Member of the Iowa Senate from the 37th district
- In office 1983–1989
- Preceded by: Arthur A. Small
- Succeeded by: Ralph Rosenberg

Member of the Iowa House of Representatives from the 41st district
- In office 1979–1981
- Preceded by: Neal Hines
- Succeeded by: Thomas H. Fey

Personal details
- Born: April 26, 1948 (age 78) Ames, Iowa, US
- Parent: Charlotte H. Bruner (mother)
- Education: Macalester College (1970; MA) Stanford University (1978; PhD, political science)
- Occupation: Politician, academic

= Charles Hughes Bruner =

American politician (born 1948)

Charles Hughes Bruner (born April 26, 1948) was an American politician who served as a Democrat in the Iowa Senate and Iowa House of Representatives.

== Biography ==
Bruner was born April 26, 1948, in Ames, Iowa to David and Charlotte H. Bruner, a scholar. In 1966, he graduated from Ames High School. He attended Macalester College, graduating in 1970 with a Master of Arts. He also attended Stanford University, graduating in 1978 with a Doctor of Philosophy in political science.
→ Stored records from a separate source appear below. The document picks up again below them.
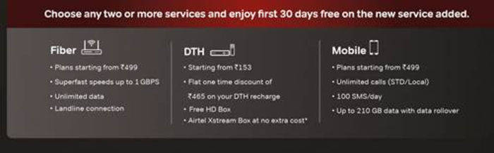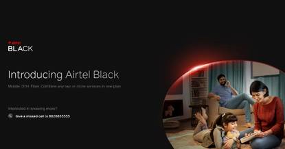 साथ ही एयरटेल ब्लैक ग्राहक भी अपनी जरूरत के हिसाब से प्लान्स को कस्टमाइज कर सकते हैं। वे कोई भी दो या अधिक सेवाएं चुन सकते हैं जैसे फाइबर (प्लान 499 रुपये से शुरू होते हैं, 1 जीबीपीएस तक की गति, असीमित डाटा और लैंडलाइन कनेक्शन), मोबाइल (प्लान 499 रुपये से शुरू होते हैं, असीमित कॉल, प्रति दिन 100 एसएमएस और 210 जीबी डेटा तक) रोलओवर के साथ), और डीटीएच (प्लान 153 रुपये से शुरू होते हैं, रिचार्ज पर फ्लैट 465 रुपये की छूट, मुफ्त एचडी बॉक्स और बिना किसी अतिरिक्त कीमत के एक्सस्ट्रीम बॉक्स)।
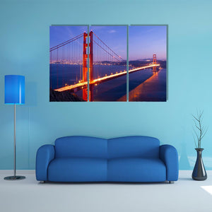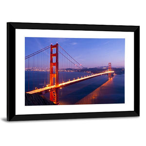 This canvas artwork beautifully captures the Golden Gate Bridge, illuminated against a serene backdrop of city lights and water. The modern landscape design evokes an urban feel, perfect for both contemporary and classic spaces.
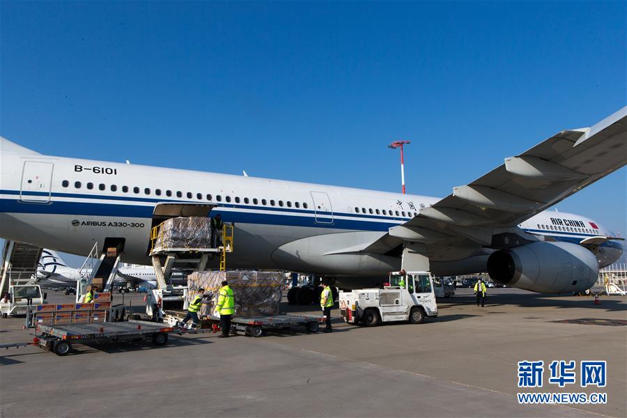 3月21日,在希腊雅典国际机场,工作人员从国航飞机上卸载中国援助希腊的医疗物资。 当日,一批中国政府援助希腊用于抗击新冠肺炎疫情的物资空运抵达雅典国际机场。同机运抵的还有由中国企业和社会各界向希腊捐赠的物资。 新华社发(马里奥斯·罗洛斯 摄)
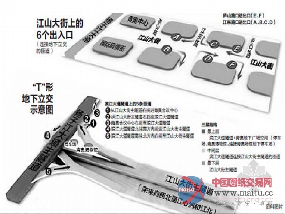 6月这一地下立交正式通车后,人们印象中遥远的青奥板块,立即与主城拉近了距离。立交的三层空间中共贯穿了11条匝道,其中有6条在“T”这一“竖”的主线隧道上,庐山路口一进一出,江东南路口两进两出;另5条匝道在“T”字交会点附近,一是从江山大街主隧道右拐进青奥会议中心;二是从主隧道右拐至扬子江大道;三是青奥会议中心右拐至扬子江大道;四是由扬子江大道隧道北往南方向左拐进江山大街主隧道;五是由扬子江大道隧道南往北方向右拐至主隧道。
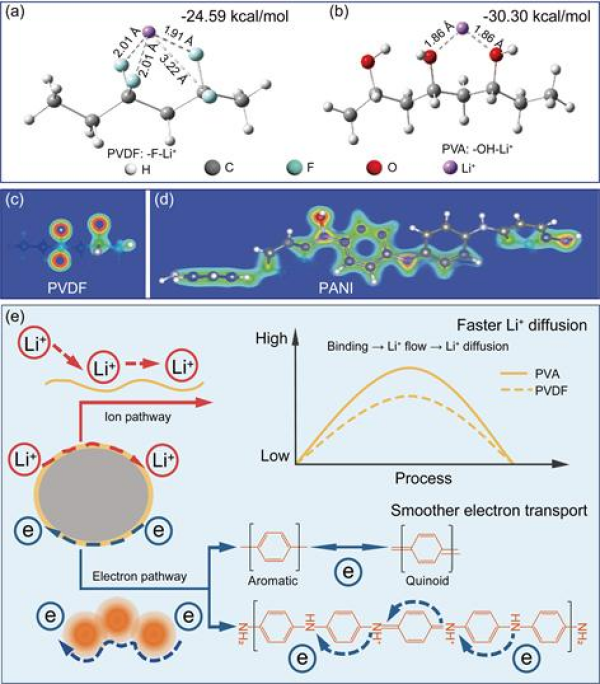 針對電化學(xué)吸附過程中電極內(nèi)Li+擴散速率和電子轉(zhuǎn)移速率不匹配,從而制約電極電化學(xué)活性的問題,設(shè)計和制備了離子和電子雙導(dǎo)聚(乙烯醇)-聚苯胺(PVA-PANI)共聚物(CP),并包覆到吸附劑顆粒表面,促進(jìn)Li+擴散和電子轉(zhuǎn)移,實現(xiàn)吸附效率的提高。HMO@CP電極具有優(yōu)越的電化學(xué)活性和吸附效率,吸附容量高達(dá)49.48 mg/g。機理研究表明,PVA中帶負(fù)電荷的羥基(-OH)可以富集Li+并加速Li+的擴散,PANI中的共軛結(jié)構(gòu)和氧化還原活性醌類位點提供了更密集的電子分布促進(jìn)電子轉(zhuǎn)移(圖1)。該工作以離子擴散和電子轉(zhuǎn)移為出發(fā)點,以提高離子擴散速率和電子轉(zhuǎn)移速率匹配度為導(dǎo)向,實現(xiàn)吸附效率的提高(ACS Nano,18 (2024) 31204-31214)。

He was a visiting professor for Iowa State University.

A Democrat, Bruner was elected member of the Iowa House of Representatives from the 41st district, serving one term, between 1979 and 1981. He was elected into the Iowa Senate, serving two terms, between 1983 and 1989. He retired in 1990. In 1992, he was the recipient of the Cristine Wilson Medal for Equality and Justice.